Special services are required for working with students with disabilities, their parents and teachers, and school administrators (Reynolds, 1989). School administrators often assign coordination of the mechanics of school services for students with disabilities to their counselors. Accordingly, school counselors are challenged to be familiar with the resources available, to be able to contact and engage those services, and to understand the developmental needs of the students for whom they are coordinating the services (Baker, 2000; Neely, 1982).
As advocates for students with disabilities, school counselors are challenged to be aware of their own attitudes. Successful advocacy, consultation, diagnosis, assessment, delivery of programs, and provision of support services are contingent upon being able to accept students with disabilities. This is an ethical requisite (Herlihy & Corey, 1996).

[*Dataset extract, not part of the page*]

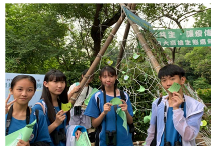
1081026【鳥松生態嘉年華】 參加祈願樹活動

Although the federal mandates about serving students with disabilities are clear, the role of counselors has been less clear. As noted, there is a place for school counselors in the process of implementing the federal mandates regarding students with disabilities. Several counselor educators suggested how school counselors can be involved. For example, Helms and Katsiyannis (1992) recommended that school counselors be familiar with the overall procedural safeguards of PL 94-142 and characteristics unique to students with disabilities. Hosie (1979) identified 14 areas of which counselors must have knowledge in order to provide comprehensive services to students with disabilities, assuming that well-prepared school counselors would be flexible enough to incorporate the new skills into their counseling techniques. In that vein, Tucker, Shepard, and Hurst (1986) assumed that counselors who are more able to understand the challenges for students with disabilities are also able to provide the students, their parents, and their teachers with accurate information. Parette and Hourcade (1995) offered a set of common courtesies counselors may use when interacting with students with disabilities and for helping other students, teachers, administrators, and parents develop their own forms of disability etiquette.